Some major randomized clinical trials with early and locally advanced NSCLC

Even ALK-positive NSCLC patients receiving platinum-based adjuvant chemotherapy still experience a high recurrence rate post-surgery. The ALINA study, a global, phase III, open-label, randomized trial, aimed to determine the efficacy of alectinib vs. platinum-based chemotherapy in adjuvant treatment for patients with resectable stage IB-IIIA ALK-positive NSCLC4. The mDFS data were as follows: patients with stage II-IIIA NSCLC, NR vs. 44.4 months for the adjuvant alectinib vs. platinum-based chemotherapy group, respectively (HR = 0.24); and patients with stage IB-IIIA, NR vs. 41.3 months for the adjuvant alectinib vs. platinum-based chemotherapy group, respectively (HR = 0.24). The 2-year DFS for the alectinib group vs. the chemotherapy group was 93.8% vs. 63.0%, respectively, and the 3-year DFS was 88.3% vs. 53.3%, respectively. The 2-year DFS for the alectinib group vs. the chemotherapy group was 93.6% vs. 63.7%, respectively, in the ITT population. Additionally, alectinib demonstrated a benefit in the central nervous system-DFS compared to chemotherapy with an HR of 0.22. It is noteworthy that the indication for adjuvant alectinib treatment was approved by the U.S. Food & Drug Administration (FDA) in April 2024. Adjuvant alectinib treatment received approval from the European Commission and the NMPA in June 2024, achieving almost simultaneous global approval for adjuvant treatment of patients with stage IB-IIIA ALK-positive NSCLC based on the 8th edition of the American Joint Committee on Cancer staging manual. However, due to pharmacoeconomic considerations, the 2024 CSCO guidelines have added “For patients with postoperative pathologic detection of ALK fusion, adjuvant alectinib treatment after surgery” as a Class II recommendation for operable stage IIA-IIIB NSCLC treatment.

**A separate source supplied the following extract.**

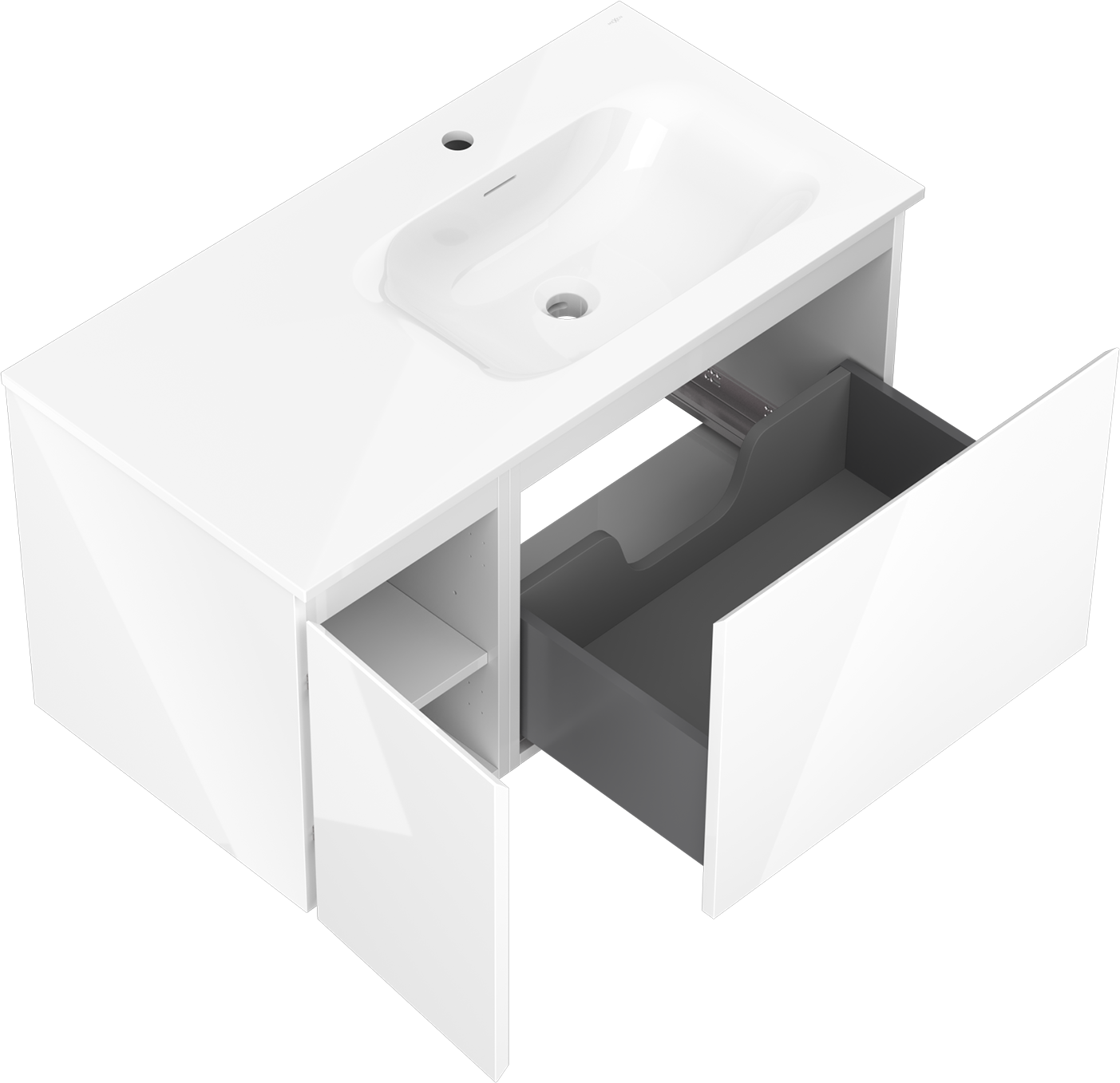 El cuerpo del gabinete se entrega completamente ensamblado, lo que significa máxima comodidad y ahorro de tiempo. No tienes que pasar horas ensamblando el mueble, solo necesitas instalarlo en el lugar elegido en el baño. Es la solución ideal para personas que valoran un montaje rápido y un efecto inmediato.

Novel treatment option for inoperable early-stage NSCLC: radiotherapy combined with immunotherapy

Surgical resection has traditionally been the preferred standard treatment for patients with early-stage NSCLC. However, surgery is invasive and some patients may not tolerate radical surgical treatment. Stereotactic ablative body radiotherapy (SABR) is the standard treatment for early-stage lung cancer patients who are not candidates for surgery, providing an OS similar to surgical patients. Although the intrathoracic local control rate after SABR exceeds 90%, extrapulmonary recurrence is relatively common, indicating the necessity for combined systemic therapy with SABR. Combining SABR with immunotherapy increased the 4-year event-free survival (EFS) from 53% with SABR alone to 77% in a phase II randomized controlled trial involving patients with inoperable early-stage treatment-naive or lung parenchymal recurrent node-negative NSCLC5. The combination therapy regimen did not lead to the occurrence of ≥ 3 grade pneumonia or ≥ 4 grade adverse events. Therefore, combining immunotherapy with SABR represents a treatment option. Based on the above data, the guidelines have been updated to include “SABR combined with immunotherapy” as a Class II recommendation for treating inoperable stage IA and IB NSCLC (Table 2).

View this table:
Table 2

Some major updates on immune combination therapy for early and locally advanced NSCLC

“The sandwich cookie” treatment paradigm: the era of combination perioperative immunotherapy and chemotherapy

The KEYNOTE-671 trial demonstrated that the mEFS in patients with resectable stage II-IIIB NSCLC receiving neoadjuvant pembrolizumab plus chemotherapy followed by adjuvant pembrolizumab was 47.2 months compared to 18.3 months with chemotherapy alone with an HR of 0.59. The mOS was NR in the pembrolizumab group vs. 52.4 months in the chemotherapy-alone group with an HR of 0.72. The 36-month OS was 71% vs. 64% and the incidence of grade 3–5 treatment-related adverse events was 45% vs. 38%6. The U.S. FDA approved pembrolizumab in combination with chemotherapy for neoadjuvant treatment of resectable NSCLC (T ≥ 4 cm or N+), followed by adjuvant monotherapy with pembrolizumab post-surgery on 16 October 2023 based on the KEYNOTE-671 study findings.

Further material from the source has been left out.